De acordo com a súmula da conferência de líderes, na reunião da passada semana, já depois do Conselho de Ministros que decidiu novas medidas de restrição a partir de 1 de Dezembro devido ao aumento do nível de alerta para calamidade, o secretário de Estado dos Assuntos Parlamentares anunciou que o Executivo não tinha mais diplomas para apresentar ao Parlamento antes da dissolução mas que seria o PS a entregar um projecto de lei sobre o uso de máscara nos espaços públicos e que este “merecia a concordância do Governo”. Eduardo Ferro Rodrigues quis saber por que não era o próprio Governo a tomar essa iniciativa, “que considerou da maior importância”, descreve a súmula, uma vez que ainda era possível agendar uma reunião plenária para esta semana.

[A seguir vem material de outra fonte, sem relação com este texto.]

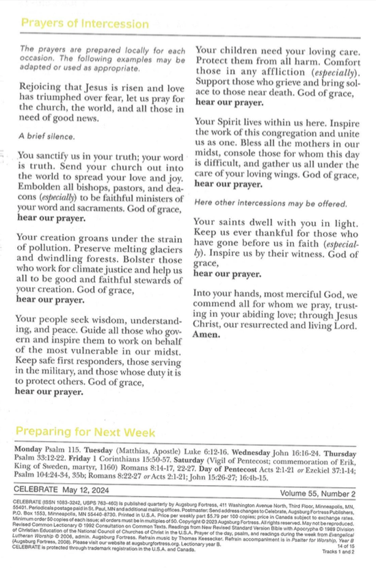 Bulletin– May 12, 2024 – Mothers Day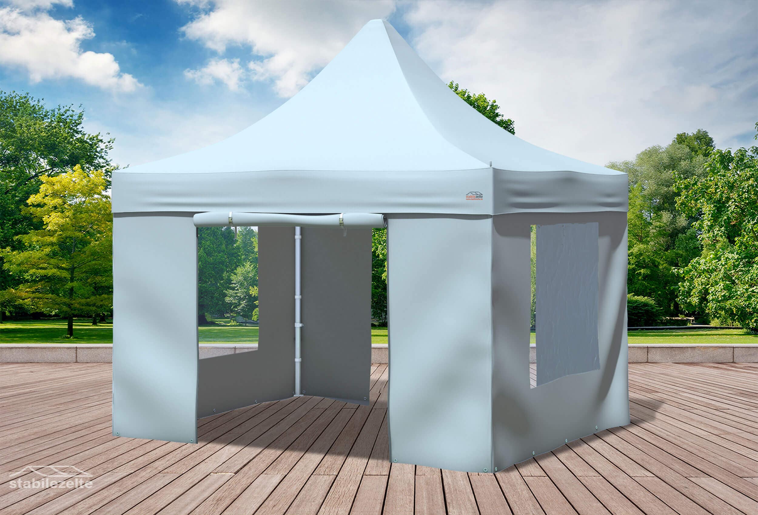 % €859.00 (9.78% saved)The PROFESSIONAL PLUS series for all professionals and stability fetishists. 56 mm hexagonal feet and die-cast aluminium connectors ensure maximum stability. Ribbed 38x20 mm scissor stays and a 100% waterproof roof tarpaulin mean that you will NOT be standing in the rain in almost any weather.

Duarte Cordeiro alegou que “o Governo nunca tinha legislado sobre esta matéria, acrescentando que a obrigatoriedade tinha sido sempre decidida pela AR e por iniciativa do grupo parlamentar do PSD”.

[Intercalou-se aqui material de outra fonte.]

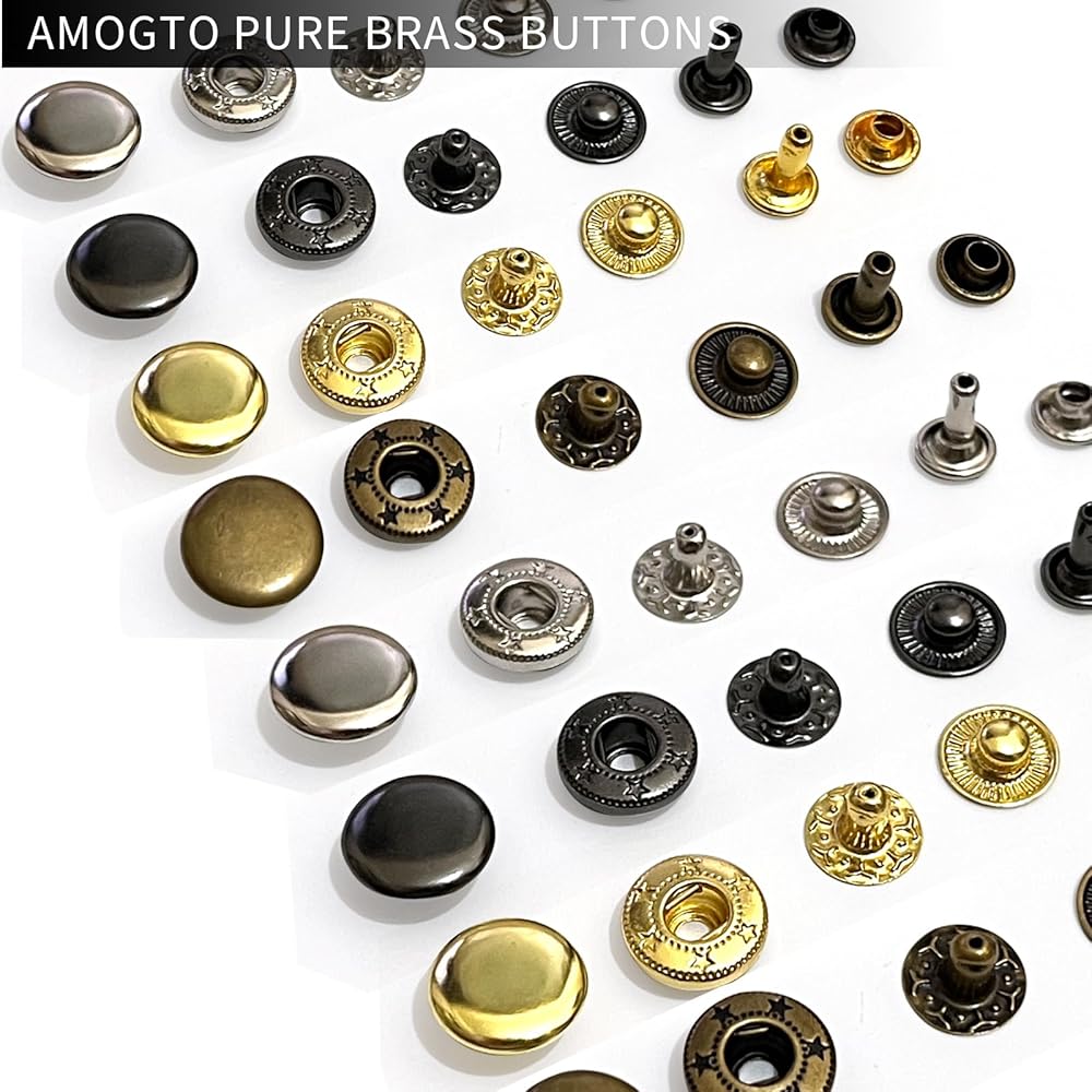 12.5mm Metal Rivets Leather Rivets Kit,6 * 6 8 * 8 Double Cap Brass Rivets Leather Studs with Tools for Leather Repair and Crafts, Snaps Press Studs with Heavy Duty Leather Snap Fasteners Kit

Adão Silva, líder da bancada social-democrata, avisou que era necessário “assegurar que a solução legislativa encontrada oferecesse segurança jurídica e, ao mesmo tempo, que não fosse ferida de inconstitucionalidade” e quis saber se não poderia, em alternativa, fazer-se uma autorização legislativa ao Governo. O socialista Pedro Delgado Alves, que já fizera “contactos prévios” com todas as bancadas, esclareceu que as autorizações legislativas “caducam em caso de dissolução da Assembleia” - se não fosse usada até ao decreto presidencial - e o Governo também não poderia “revogar o decreto-lei autorizado quando a situação sanitária melhorasse” e teria que esperar que a nova composição entrasse em funções.

A solução, descreveu o deputado do PS, era “dar uma credencial que, ao abrigo da Lei de Bases da Protecção Civil, habilitava o Governo a poder decretar o uso obrigatório de máscara em função de um expressivo aumento de casos de covid-19 e, de igual forma, voltar atrás nessa decisão quando a solução fosse entendida como um sacrifício excessivo”. Esta seria a melhor opção em vez de “ficar limitado por uma utilização única” como acabaria por ser a autorização legislativa.

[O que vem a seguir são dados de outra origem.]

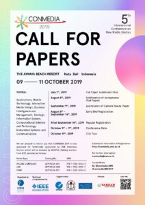 Dear All,The 5th INTERNATIONAL CONFERENCE ON NEW MEDIA STUDIES (CONMEDIA 2019) will be organized by Universitas Multimedia Nusantara (UMN). The conference will be held in Bali, Indonesia on October 9 – 11, 2019. Full papers submissions due July 7 2019. All presented papers will be submitted for inclusion in:• IEEE Xplore Digital Library• International Journal of Asia Digital Art and Design• International Journal of New Media Technology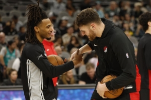 赛前,马刺后卫卡斯尔和开拓者内线克林根被拍到在场边嬉戏玩耍。

O cenário não agradou a alguns partidos, que viram na posição do Executivo um empurrar de responsabilidades. Para além das cautelas do PSD, o PCP admitiu que dera o consentimento para a discussão e votação no dia 26, mas considerou que o “assunto merecia uma maior reflexão”. O líder parlamentar João Oliveira defendeu que a revisão da Lei de Bases da Protecção Civil “deveria ter sido feita com tempo” e que a intervenção do Parlamento só era preciso por causa das multas a aplicar pela violação da obrigatoriedade do uso de máscara - aliás, as dúvidas de constitucionalidade sobre este diploma estavam relacionadas com as sanções e isso também devia “ter sido já resolvido”, cita a súmula da reunião.

Telmo Correia, líder da bancada do CDS, propôs uma solução intermédia - que houvesse tempos para a discussão -, enquanto o deputado único da IL defendeu que o assunto passasse para esta semana para “melhor se poder apurar que critérios estão em causa na fundamentação da obrigatoriedade em questão”, e Inês de Sousa Real quis também mais tempo para discutir o assunto.

Com diversas opiniões em cima da mesa, mas apenas uma proposta formalizada, Ferro Rodrigues alegou que discutir o assunto três dias depois não traria grande diferença ao resultado e decidiu com base no argumento financeiro: as reuniões plenárias representam “sempre um custo elevado e envolvem muitas deslocações, não se justificando convocar mais um plenário apenas para este efeito”. E o tema ficou agendado para a passada sexta-feira.